» Work to complete: Please copy the lines below, exactly as they are, from the one with "Impressions of the" through the one with "한국시사경제 전남취재본부 |", and leave out the pictures.

» Exercise inputs:
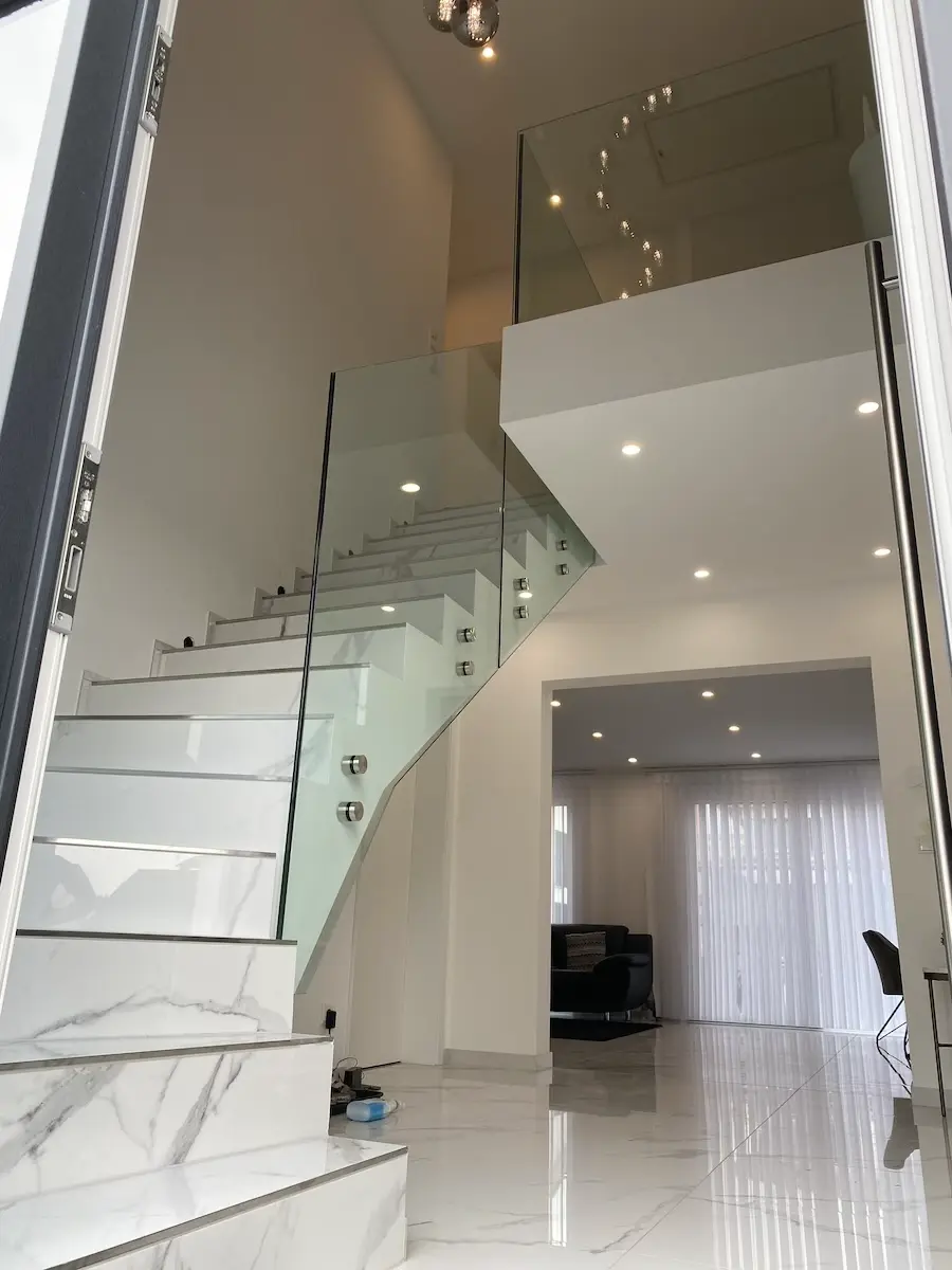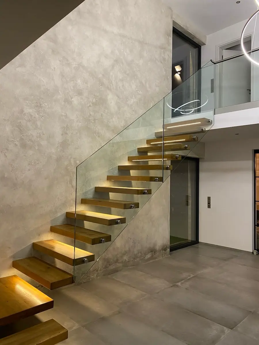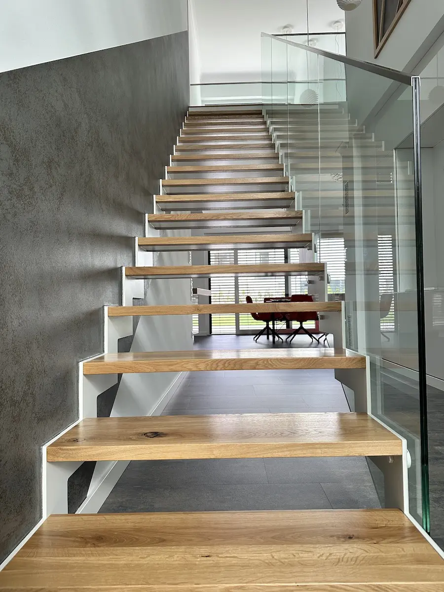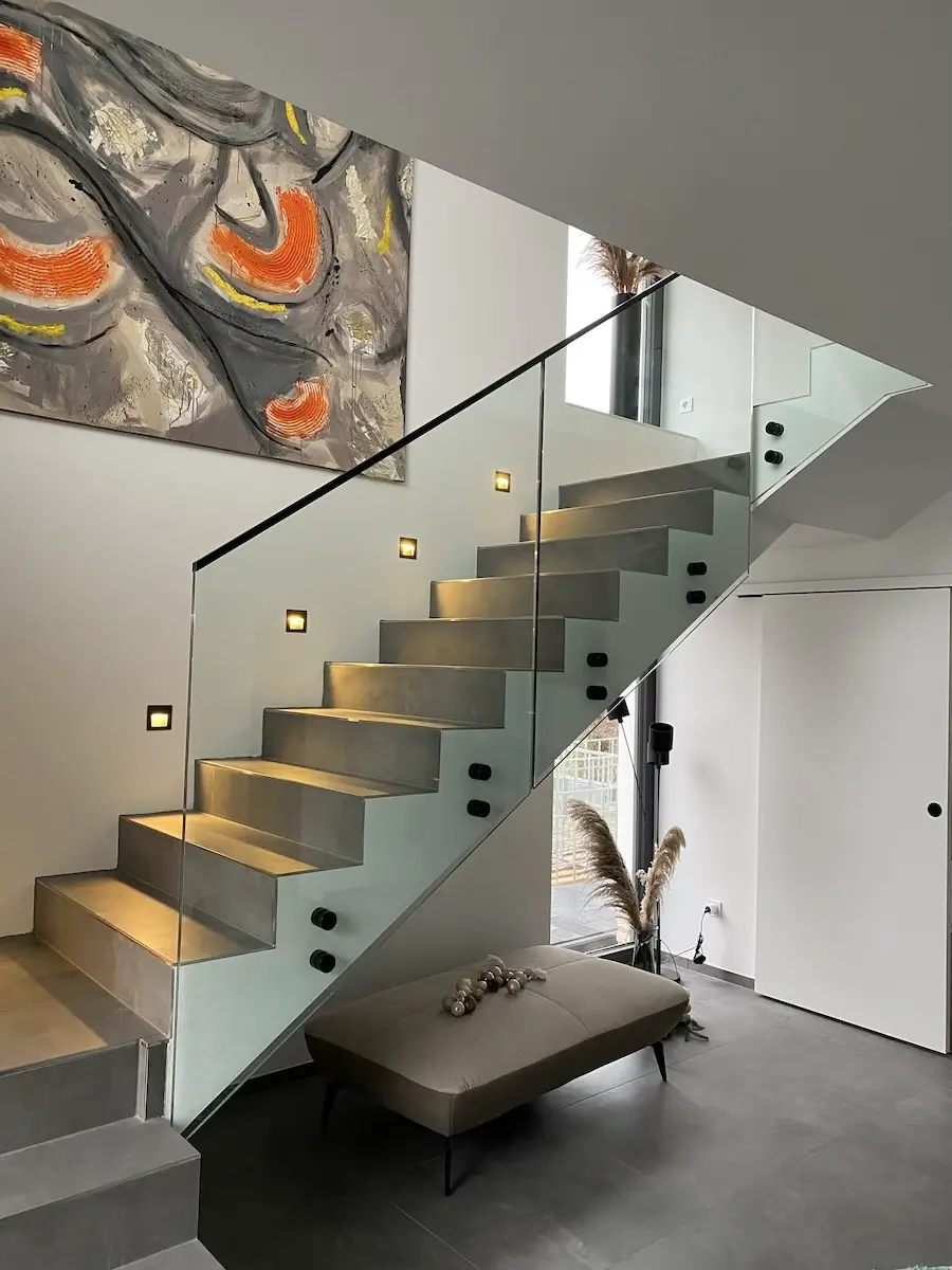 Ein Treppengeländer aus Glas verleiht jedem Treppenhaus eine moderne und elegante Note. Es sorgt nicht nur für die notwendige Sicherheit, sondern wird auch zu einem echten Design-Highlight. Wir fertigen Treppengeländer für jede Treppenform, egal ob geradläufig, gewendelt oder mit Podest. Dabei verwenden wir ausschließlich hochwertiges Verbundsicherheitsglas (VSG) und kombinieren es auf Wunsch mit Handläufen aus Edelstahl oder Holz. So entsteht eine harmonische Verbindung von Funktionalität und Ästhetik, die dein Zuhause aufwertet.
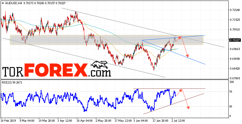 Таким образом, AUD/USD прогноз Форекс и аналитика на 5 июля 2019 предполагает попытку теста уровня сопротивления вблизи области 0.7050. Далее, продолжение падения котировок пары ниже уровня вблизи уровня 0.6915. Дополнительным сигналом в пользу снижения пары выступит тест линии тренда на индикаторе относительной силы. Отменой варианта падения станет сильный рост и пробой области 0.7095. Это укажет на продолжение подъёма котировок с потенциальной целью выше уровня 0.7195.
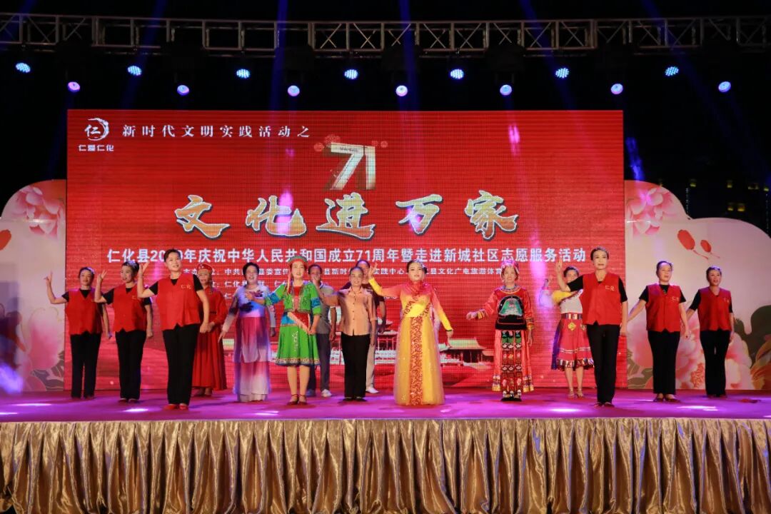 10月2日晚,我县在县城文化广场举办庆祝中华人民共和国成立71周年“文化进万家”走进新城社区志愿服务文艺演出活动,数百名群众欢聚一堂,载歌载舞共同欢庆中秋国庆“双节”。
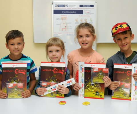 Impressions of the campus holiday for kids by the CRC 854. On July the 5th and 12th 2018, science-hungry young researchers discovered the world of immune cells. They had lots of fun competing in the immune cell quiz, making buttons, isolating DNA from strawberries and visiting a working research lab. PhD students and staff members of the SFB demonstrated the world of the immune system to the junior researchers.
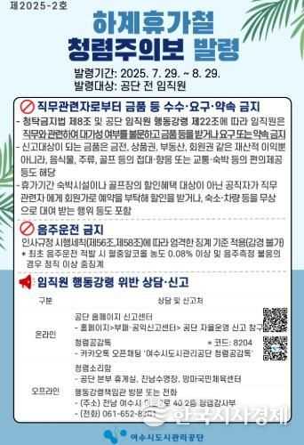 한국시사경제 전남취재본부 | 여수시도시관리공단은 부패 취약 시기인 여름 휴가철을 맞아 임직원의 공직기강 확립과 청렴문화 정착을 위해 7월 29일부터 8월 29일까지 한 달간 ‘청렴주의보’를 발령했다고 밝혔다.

---

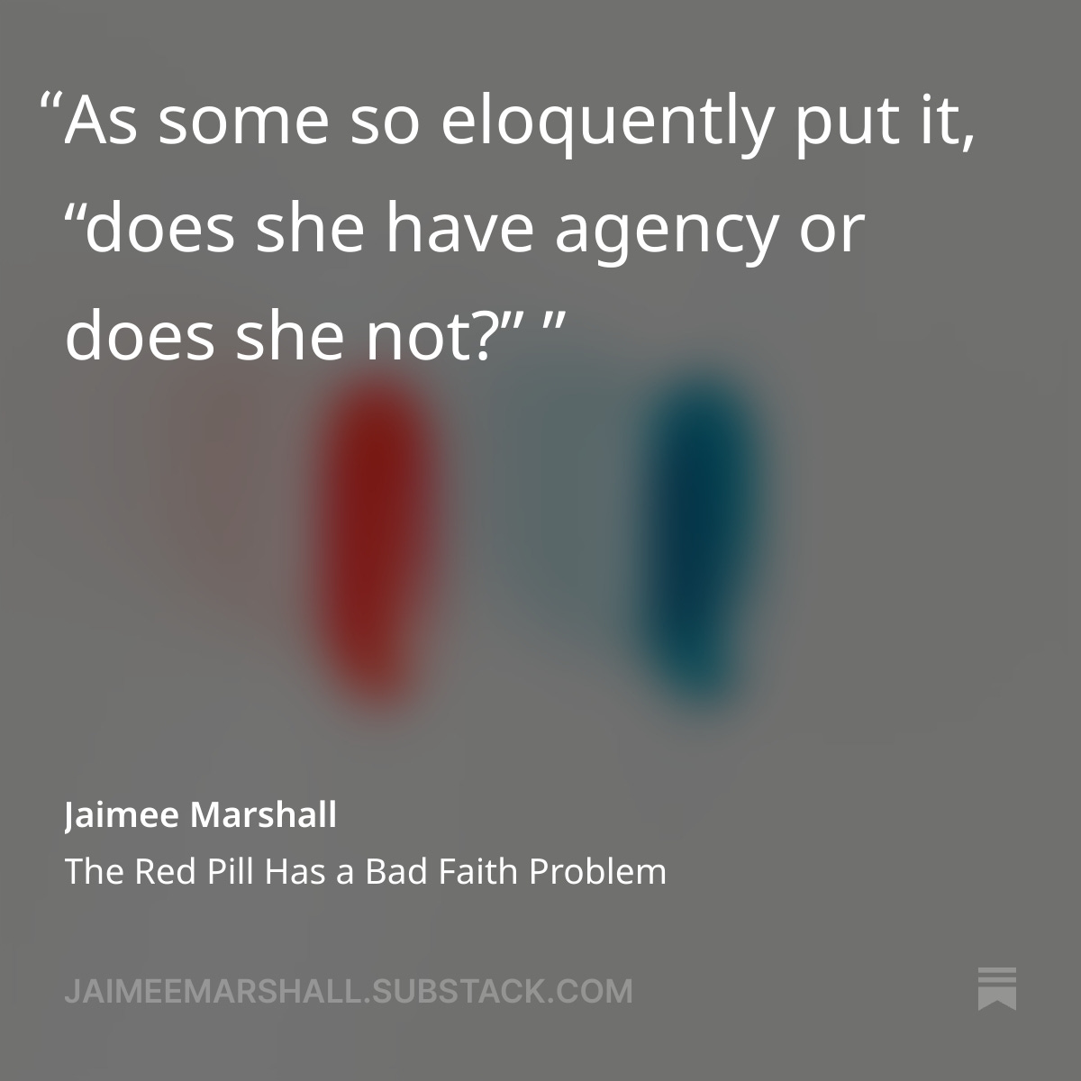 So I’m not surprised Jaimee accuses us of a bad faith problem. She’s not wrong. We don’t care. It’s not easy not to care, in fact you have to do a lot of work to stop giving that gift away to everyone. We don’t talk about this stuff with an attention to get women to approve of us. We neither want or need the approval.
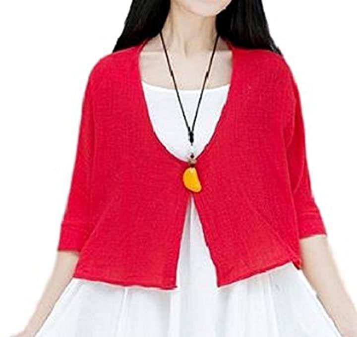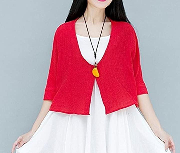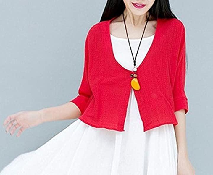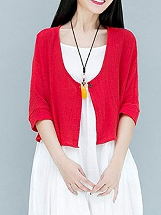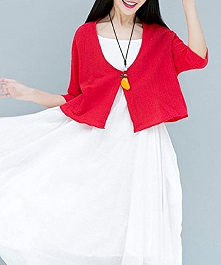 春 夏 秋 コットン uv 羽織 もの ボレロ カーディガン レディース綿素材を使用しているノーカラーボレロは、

» Solution for this task:
 Impressions of the campus holiday for kids by the CRC 854. On July the 5th and 12th 2018, science-hungry young researchers discovered the world of immune cells. They had lots of fun competing in the immune cell quiz, making buttons, isolating DNA from strawberries and visiting a working research lab. PhD students and staff members of the SFB demonstrated the world of the immune system to the junior researchers.
 한국시사경제 전남취재본부 | 여수시도시관리공단은 부패 취약 시기인 여름 휴가철을 맞아 임직원의 공직기강 확립과 청렴문화 정착을 위해 7월 29일부터 8월 29일까지 한 달간 ‘청렴주의보’를 발령했다고 밝혔다.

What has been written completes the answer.